- Your goal: Pictures excluded, output exactly the lines from the one containing "A smart heeled" through the last line of the listing below.
+ + + + +
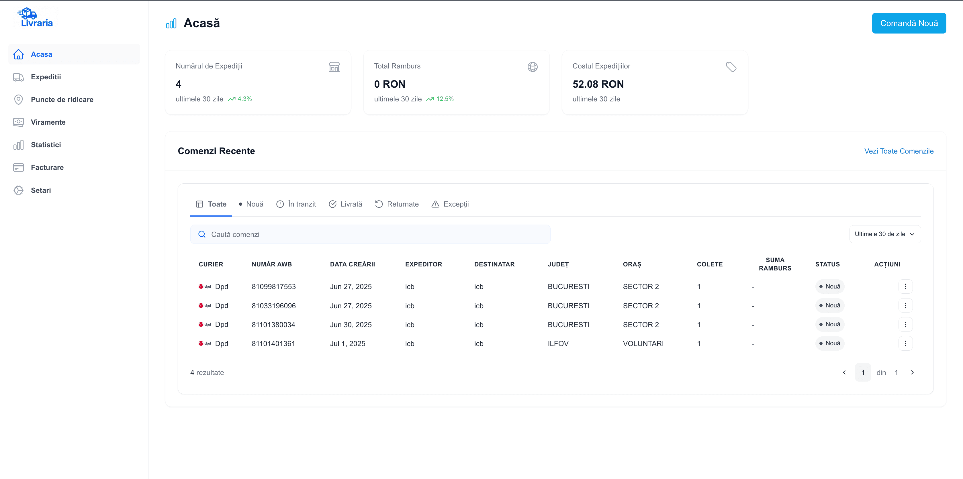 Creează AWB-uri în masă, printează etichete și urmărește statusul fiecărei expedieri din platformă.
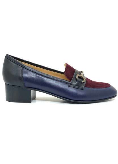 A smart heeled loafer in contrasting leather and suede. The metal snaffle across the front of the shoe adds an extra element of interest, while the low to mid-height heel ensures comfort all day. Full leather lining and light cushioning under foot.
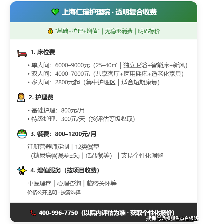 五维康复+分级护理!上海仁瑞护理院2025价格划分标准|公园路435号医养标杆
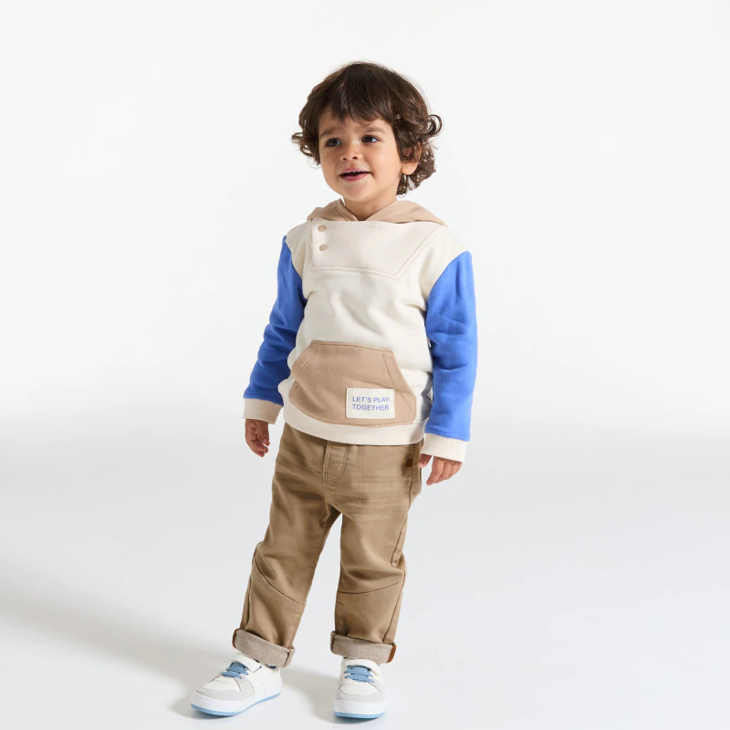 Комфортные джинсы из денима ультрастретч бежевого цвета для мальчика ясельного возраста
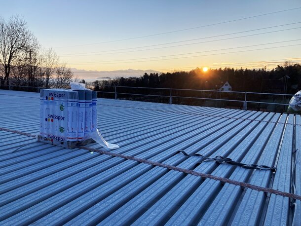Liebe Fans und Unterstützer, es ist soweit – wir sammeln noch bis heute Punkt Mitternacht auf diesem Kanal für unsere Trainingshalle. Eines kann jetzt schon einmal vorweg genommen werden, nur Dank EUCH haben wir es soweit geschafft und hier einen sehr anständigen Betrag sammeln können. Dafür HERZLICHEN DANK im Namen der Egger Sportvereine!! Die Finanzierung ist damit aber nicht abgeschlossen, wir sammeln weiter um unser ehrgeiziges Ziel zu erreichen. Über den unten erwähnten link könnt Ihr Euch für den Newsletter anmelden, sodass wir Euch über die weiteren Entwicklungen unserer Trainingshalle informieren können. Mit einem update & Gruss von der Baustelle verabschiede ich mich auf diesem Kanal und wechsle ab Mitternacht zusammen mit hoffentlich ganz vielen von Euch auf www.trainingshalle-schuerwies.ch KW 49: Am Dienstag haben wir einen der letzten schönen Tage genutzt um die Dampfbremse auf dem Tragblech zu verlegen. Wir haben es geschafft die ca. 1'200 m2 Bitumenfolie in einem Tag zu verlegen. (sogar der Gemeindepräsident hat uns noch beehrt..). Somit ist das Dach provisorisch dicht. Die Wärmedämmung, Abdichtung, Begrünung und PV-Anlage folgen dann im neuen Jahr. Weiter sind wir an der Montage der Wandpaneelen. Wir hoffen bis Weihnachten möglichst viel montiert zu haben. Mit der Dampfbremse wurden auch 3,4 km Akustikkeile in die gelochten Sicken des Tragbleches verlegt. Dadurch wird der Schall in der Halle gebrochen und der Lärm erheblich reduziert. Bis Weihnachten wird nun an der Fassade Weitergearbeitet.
+ + + + +
- Task answer:
 A smart heeled loafer in contrasting leather and suede. The metal snaffle across the front of the shoe adds an extra element of interest, while the low to mid-height heel ensures comfort all day. Full leather lining and light cushioning under foot.
 五维康复+分级护理!上海仁瑞护理院2025价格划分标准|公园路435号医养标杆
 Комфортные джинсы из денима ультрастретч бежевого цвета для мальчика ясельного возраста
Liebe Fans und Unterstützer, es ist soweit – wir sammeln noch bis heute Punkt Mitternacht auf diesem Kanal für unsere Trainingshalle. Eines kann jetzt schon einmal vorweg genommen werden, nur Dank EUCH haben wir es soweit geschafft und hier einen sehr anständigen Betrag sammeln können. Dafür HERZLICHEN DANK im Namen der Egger Sportvereine!! Die Finanzierung ist damit aber nicht abgeschlossen, wir sammeln weiter um unser ehrgeiziges Ziel zu erreichen. Über den unten erwähnten link könnt Ihr Euch für den Newsletter anmelden, sodass wir Euch über die weiteren Entwicklungen unserer Trainingshalle informieren können. Mit einem update & Gruss von der Baustelle verabschiede ich mich auf diesem Kanal und wechsle ab Mitternacht zusammen mit hoffentlich ganz vielen von Euch auf www.trainingshalle-schuerwies.ch KW 49: Am Dienstag haben wir einen der letzten schönen Tage genutzt um die Dampfbremse auf dem Tragblech zu verlegen. Wir haben es geschafft die ca. 1'200 m2 Bitumenfolie in einem Tag zu verlegen. (sogar der Gemeindepräsident hat uns noch beehrt..). Somit ist das Dach provisorisch dicht. Die Wärmedämmung, Abdichtung, Begrünung und PV-Anlage folgen dann im neuen Jahr. Weiter sind wir an der Montage der Wandpaneelen. Wir hoffen bis Weihnachten möglichst viel montiert zu haben. Mit der Dampfbremse wurden auch 3,4 km Akustikkeile in die gelochten Sicken des Tragbleches verlegt. Dadurch wird der Schall in der Halle gebrochen und der Lärm erheblich reduziert. Bis Weihnachten wird nun an der Fassade Weitergearbeitet.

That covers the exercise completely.